The first resistance occurred at Acoma, a pueblo built on top a spectacular, 400 foot high mesa. When Spanish troops stopped there and demanded food, the warriors attacked them, killing l6 soldiers, including Oñate's nephew. Oñate retaliated with chilling brutality. A party of soldiers secretly dragged a cannon up the rock face at the rear of the mesa, turned it on the town, and blasted away. In three days of fighting, the Spanish leveled Acoma and killed 800 of its people. Then Oñate staged a public mutilation -- chopping one foot off every surviving young man.

But Oñate was as unsuccessful as Coronado in finding rich mines, and was soon recalled to Mexico City. At this point, two years before the English founded Jamestown, the Crown was about to abandon New Mexico. But the powerful Franciscan order wanted it for missionary territory; so the friars were allowed to stay, with Crown protection, to establish a Catholic theocracy among the Pueblos.

The age of military conquest ended. The religious and cultural conquest began. The friars taught the Indians the Spanish language and Spanish ways, and tried to eradicate Indian religion and culture. When Indians resisted conversion, or strayed from the faith, the soldiers were called in to intimidate or punish them. Then repression ignited rebellion. Drought and starvation struck the Pueblo communities--and they came under increasing attack from their traditional enemies, the Apaches and the Navajos.

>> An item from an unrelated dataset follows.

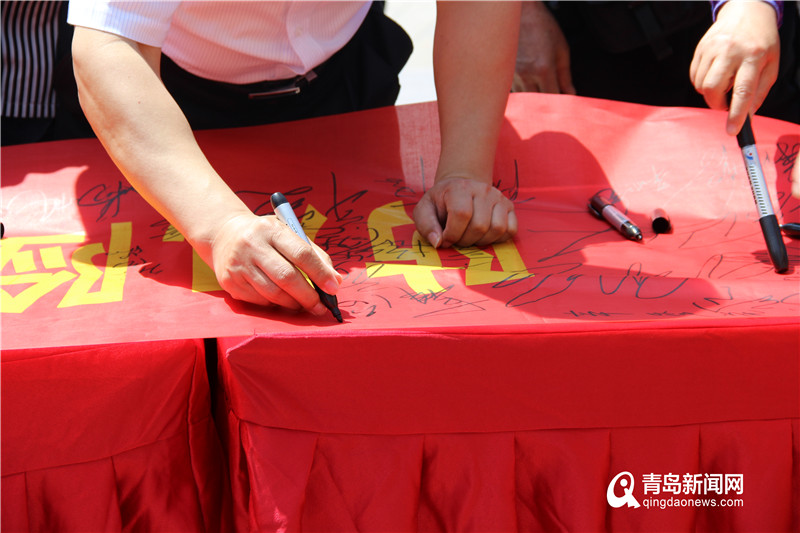 此外在妙趣橫生的安全文藝小演出期間,穿插進行“安全知識知多少”有獎?chuàng)尨稹0l(fā)放《安全生產(chǎn)法》、《安全知識手冊》、《市南區(qū)居民安全常識十個要牢記》、《防災減災從我做起》、《燃氣安全須知》等安全法規(guī)及安全相關(guān)宣傳品2000余份。參與活動人員在活動主題橫幅上進行了爭做安全衛(wèi)士簽名。

All the while, the colony of some 3,000 Spanish settlers continued to illegally extract labor and tribute from the Indians. In l680, Popé, a medicine man who had been whipped for practicing witchcraft, led a lightning attack on the Spanish settlements. In three weeks, the Pueblos Indians killed 400 foreigners and drove the rest of them out of New Mexico.

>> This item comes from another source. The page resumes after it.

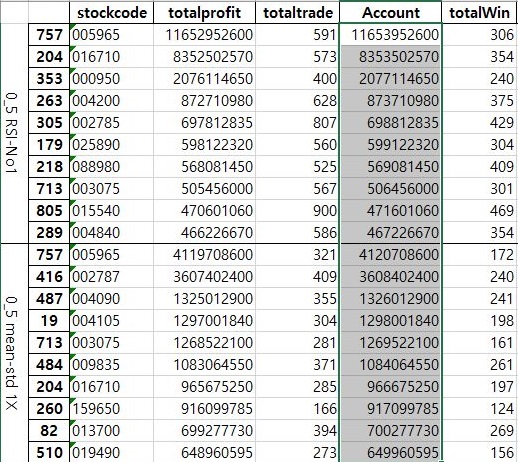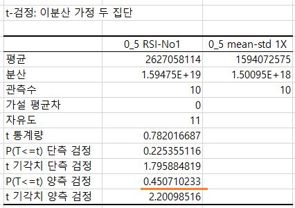 그리고 나서 위 스크린샷에서 볼 수 있는 것으로, 일단 1번 매도/매수 룰과 2번 매도/매수 룰에서 유의차가 없다는 것을 확인할 수 있었습니다.

The mutilated bodies of the priests were smeared with human excrement and thrown over the altars of their desecrated churches. At Acoma, the missionary father was hurled to his death from the top of the mesa. It was one of the most successful Indian resistance movements in American history, but the Pueblos couldn't maintain their independence for long.

Unity dissolved because Popé demanded an end to all things Spanish---and the Pueblos had come to depend on Spanish farming technology, and on Spanish goats, sheep, cattle, pigs, and horses. So when Diego de Vargas marched into New Mexico to reconquer it, it was an easier task then he'd imagined. There was one uprising; then there were no more.

The Spanish settlers and soldiers helped keep the peace by reducing their demands for Indian labor, and by marrying Indian wives. And the Franciscans learned to tolerate Pueblo religious practices.